Tracking relevant state legislation and supporting or opposing bills as necessary. For example, Project Inform is a strong supporter of SB 239 (Wiener), which addresses several current state criminal laws that specifically target people living with HIV, and eliminates this form of HIV exceptionalism by incorporating the current scientific understanding of HIV, addressing exposure to HIV in the same manner as exposure to other serious communicable diseases, and eliminating extra punishment for people living with HIV who engage in consensual sexual activity. Project Inform is also a strong supporter of SB 180 (Mitchell), the Repeal Ineffective Sentencing Enhancement (RISE) Act, which would amend the criminal code that doubles or triples the sentence for a nonviolent drug offense if a person has been previously convicted of a similar offense. We know that the emphasis on incarceration rather than public health strategies contributed to the worst epidemic of fatal opioid overdose in our country’s history, and high rates of HIV and viral hepatitis among people who use drugs.
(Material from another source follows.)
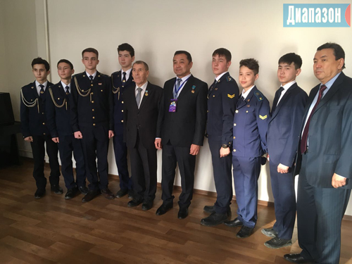 На фото: На встречу с Айымбетовым пришли курсанты школы юных летчиков. Космонавт сфотографировался с ними на память.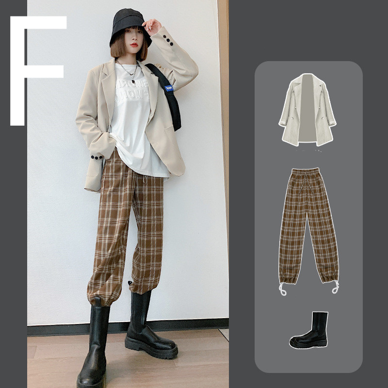 C: Spring and Autumn models-latte coffee grid [lace elastic waist] with pockets,

Efforts to address HIV, hepatitis C, and related health issues like overdose, through stakeholder education and networking, and working with programs “on the ground” to help us develop our advocacy agenda for the future. For example, we are planning a summit for counties in the rural northern part of the state to discuss the opioid crisis and these syndemics (overlapping and related epidemics). We are also planning a meeting for all syringe exchange programs in the state to share strategies for integrating viral hepatitis services, such as hepatitis B vaccination, hepatitis B and C testing, hepatitis C linkage to care, and hepatitis C treatment, into their programs. Meetings like these help us understand the barriers programs and individuals face and what advocacy efforts are needed to help address and remove those barriers. In addition, we hope to sponsor a legislative hearing about infectious diseases in the state prison system to educate legislators about the impact of hepatitis C, HIV, and other conditions on people who are incarcerated and their families and recommend solutions.
As the saying goes, “As California goes, so goes the nation.” Let’s hope the next year brings positive changes at the state level that help lead the country down a path toward ending HIV and hepatitis C!